The scientists have noted other benefits in earlier studies. In unfit
but otherwise healthy middle-aged adults, two weeks of modified HIIT
training prompted the creation of far more cellular proteins involved
in energy production and oxygen. The training also improved the
volunteers’ insulin sensitivity and blood sugar regulation, lowering
their risk of developing Type 2 diabetes, according to a study
published last fall in Medicine & Science in Sports & Exercise.

Since then, the scientists completed a small, follow-up experiment
involving people with full-blown Type 2 diabetes.
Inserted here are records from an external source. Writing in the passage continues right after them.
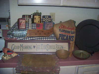 Title (ebay affiliate link): HUGE PRIMITIVE COUNTRY DECOR LOT 17 PIECES GREAT ITEMS MASHER SIGN TABLE RUNNER
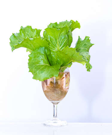 Fresh butterhead in wine glass over white background
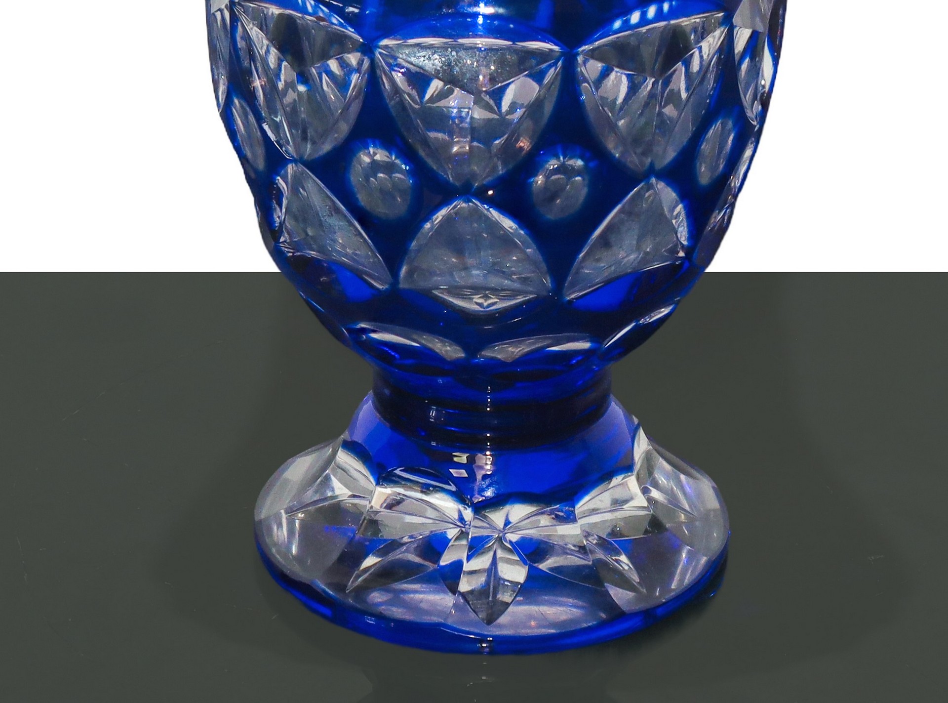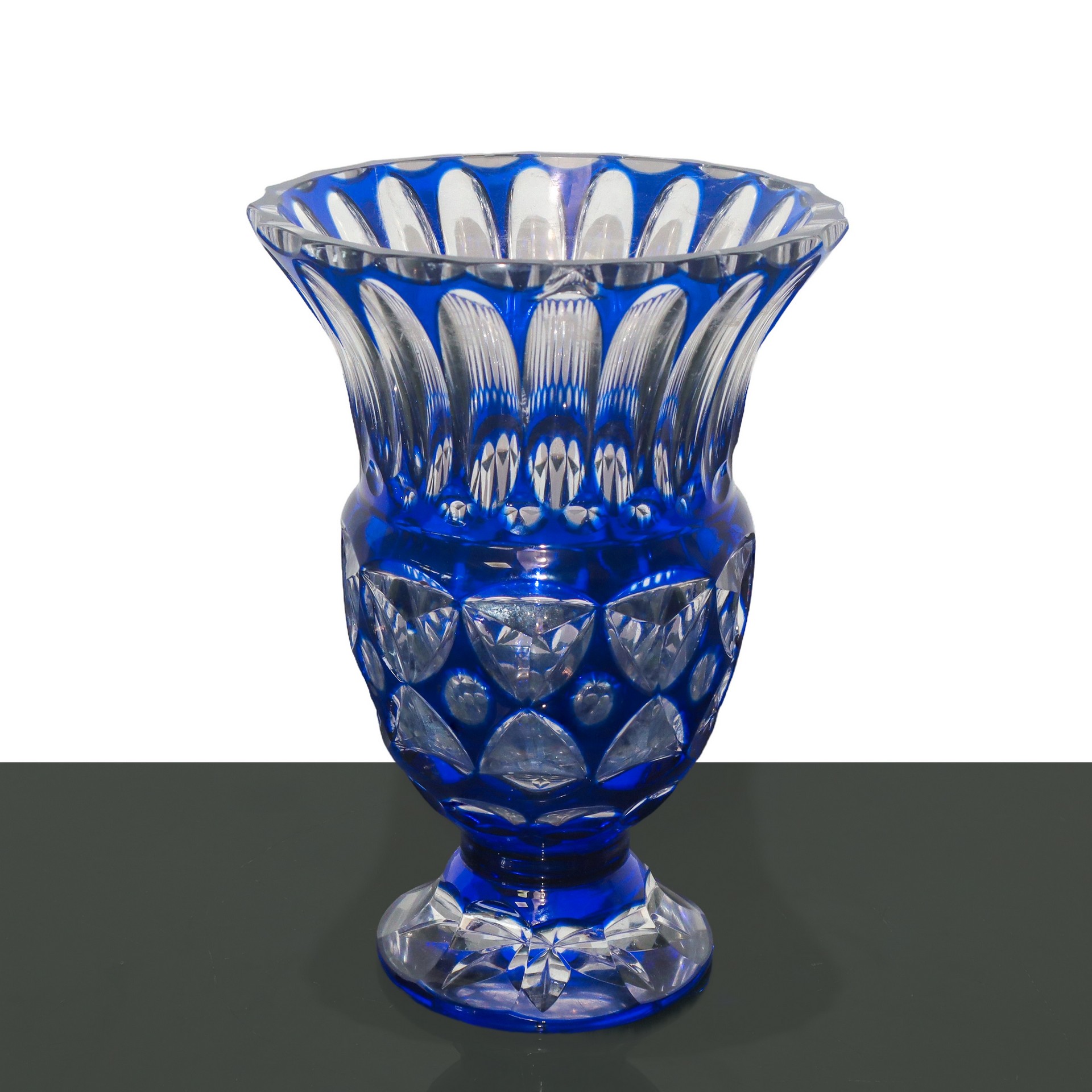 Vaso blu cobalto in cristallo di rocca cm 21X15 Filatura alla bocca. Sbeccatura sull'orlo.
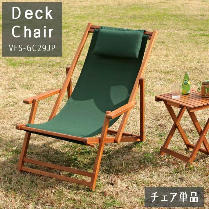デッキチェア VFS-GC29JP サイズ 全体:64.5×101〜110×79〜89cm カラー グリーン 素材 アカシア材(オイルステイン仕上げ) 生産 ベトナム ●のんびりと余暇を過ごすデッキチェア ・のんびりくつろげるデッキチェアです。ベランダやデッキでのお昼寝、くつろぎの場としてどうぞ。 ・背もたれは3段階の角度を調節できます。 ※劣化やカビの原因となりますので、長期間の屋外での使用は避けてください。 ※一般家庭での使用を想定して設計しております。 ※北海道・沖縄・離島へのお届けは別途送料をいただく場合がございます。予めご了承のほどお願いいたします。 # 商品の色合いは、お使いのパソコンの機種やモニターの設定によって多少異なる場合がございます。▼・・・・・・そんなデッキチェア「VFS-GC29JP」はこちら・・・・・▼
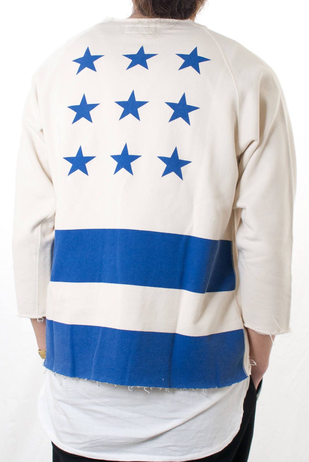 バックに星条旗をイメージしたグラフィックをプリント
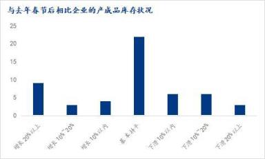 調(diào)研樣本企業(yè)中,相比去年春節(jié)后產(chǎn)成品庫存方面,增長20%以上的企業(yè)占比16.98%,增長10%-20%的企業(yè)占比5.66%,增長10%以內(nèi)的占比為7.55%;與去年持平的企業(yè)占比41.5%;下滑10%以內(nèi)的企業(yè)占比11.32%,下滑10%-20%的企業(yè)占比11.32%,下滑20%以上的企業(yè)占比5.66%。

They found that even
a single bout of the 1-minute hard, 1-minute easy HIIT training,
repeated 10 times, improved blood sugar regulation throughout the
following day, particularly after meals.

Of course, HIIT training is not ideal or necessary for everyone, said
Martin Gibala, a professor of kinesiology at McMaster, who’s overseen
the high-intensity studies. “If you have time” for regular 30-minute
or longer endurance exercise training, “then by all means, keep it
up,” he said. “There’s an impressive body of science showing” that
such workouts “are very effective at improving health and fitness.”

But if time constraints keep you from lengthier exercise, he
continues, consult your doctor for clearance, and then consider
rapidly pedaling a stationary bicycle or sprinting uphill for one
minute, aiming to raise your heart rate to about 90 percent of your
maximum. Pedal or jog easily downhill for a minute and repeat nine
times, perhaps twice a week. “It’s very potent exercise,” Dr. Gibala
said. “And then, very quickly, it’s done.”